Given the rapidly growing space market, Europeans increasingly need launch sites for smaller rockets with smaller satellites, experts say.

“Europe really needs to build an infrastructure to get into space,” said Stefan Gustafsson, Senior Vice President at Swedish Space Corporation, in an interview at the Stockholm headquarters. “We can offer an appropriate space basis.”

This base is near Kiruna, Sweden’s northernmost city and home to the largest underground iron ore mine in the world. It’s so big, in fact, that several neighborhoods are being relocated as the city slowly sinks into the excavated caves below.

A 50-foot missile stands at one of the main intersections, evidence of Sweden’s space ambitions. The space is woven into the fabric of the city.

The Swedish Institute for Space Physics is based in Kiruna, as is the Space High School for gifted teenagers. The space program at Lulea University of Technology, also in Kiruna, attracts PhD students. Students from all over Europe. A huge satellite receiver shell protruding from the forest in a huge white valley serves as a geographical landmark.

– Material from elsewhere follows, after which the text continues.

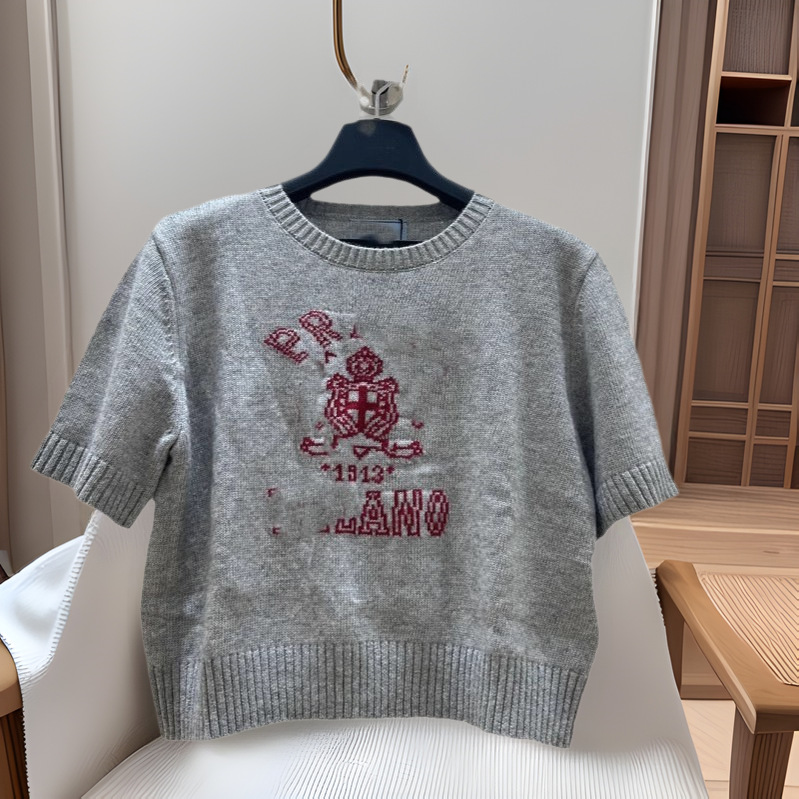 南油高品质P家25新款经典字母logo羊绒提花休闲百搭短袖针织毛衣

Esrange has many attributes of other spaceports – high fences and warning signs and Some used missiles are on display. But there is also a church, a visitor center and the Aurora Hotel, named after the northern lights that color the winter sky. Snow is everywhere, of course, and reindeer roam the grounds (no one knows how to get past the fences), but astronauts and lunar landers are nowhere to be found.

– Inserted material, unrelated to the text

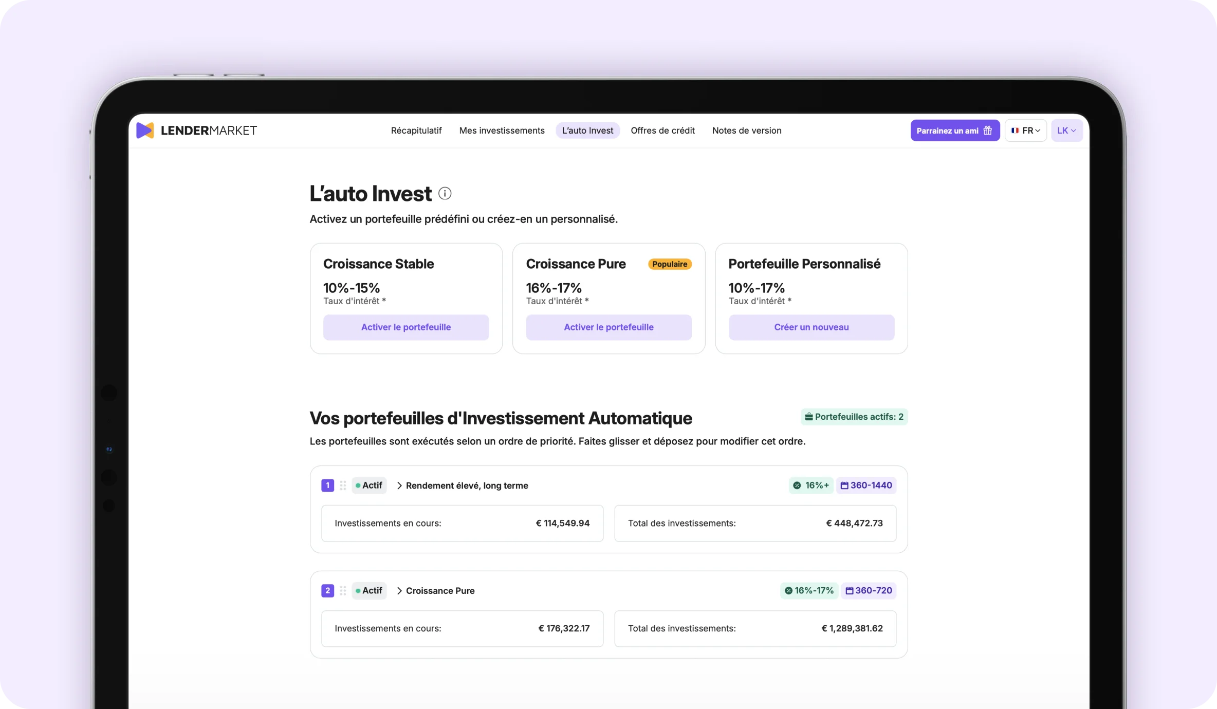 Auto Invest investit automatiquement votre solde disponible dans des prêts correspondant à vos critères choisis, réinvestissant continuellement vos fonds pour maximiser les rendements.

As Mr. Pahlsson was leading a tour of the grounds, he got slightly excited when a photographer started taking pictures. “We have contracts,” he said. “Some of our customers don’t want their equipment to be photographed.”

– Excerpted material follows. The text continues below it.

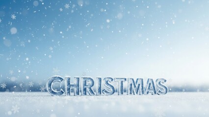 Silver Merry Christmas lettering with falling snow and winter trees

The launch pads for the orbital missiles, mostly stacks of construction machinery and materials at the time, tower four miles from the central location. Mr. Pahlsson pointed to a pile of sand during a tour of the site and said this was the location of their future “launch vehicle integration building”.

By the end of next year, he said, they hoped to use the launch site to test Europe’s first reusable missile, named Themis, after an ancient Greek titan who was the personification of divine order.

On that day, the main activity consisted of engine tests by two highly competitive German space start-ups, Rocket Factory Augsburg and ISAR Aerospace Technologies.

“You can actually call me a rocket scientist,” said Josef Fleischmann, 30, one of the three founders of ISAR. In 2017, he and his fellow students won an award by building the fastest pod in Elon Musk’s competition for ultra-high-speed transportation in hyperloops or travel in a vacuum tube. This caught the attention of Bulent Altan, a former Vice President of Space X, who decided to support Mr. Fleischmann and his friends.

“Now we have a $ 100 million investment in rockets.”

“The place seems remote, but for space this is the place,” said Rene Laufer, professor of space technology at Lulea University of Technology. “Besides, you don’t want to test missiles in your own garden.”

So far, Esrange has not sparked criticism from environmentalists, but that may change. Solid rocket fuels can leave a large carbon footprint, and liquid fuels pose a risk of toxicity. The clouds of exhaust gases that form after take-off and in flight are also worrying.

Swedish Space Minister Matilda Ernkrans said in an interview that she expected the base to play a key role in mapping global climate change.

Back in his humble apartment, Mr. Allas the reindeer herder would agree to that thought, and he plans to do something about it, even if his back yard is one of the few not connected in one way or another to the space industry.

Mr. Allas is more than a man with a snowmobile and lots of reindeer. He is the chairman of Talma sameby, one of the larger Sami districts in Sweden. The Sami are the last indigenous people in Europe and live in Finland, Sweden, Norway and Russia.

In 2019, following a call from his district, Mr Allas managed to block some of the expansion plans for the base and now impending noise pollution is in their sights.

“You could say we have to start or we will lose our customers, but reindeer herding has been around for a long time as you can imagine,” Allas said, adding that litigation seemed inevitable. “For us, the Space Corporation is the oldest invader in our country, but we have much older rights.”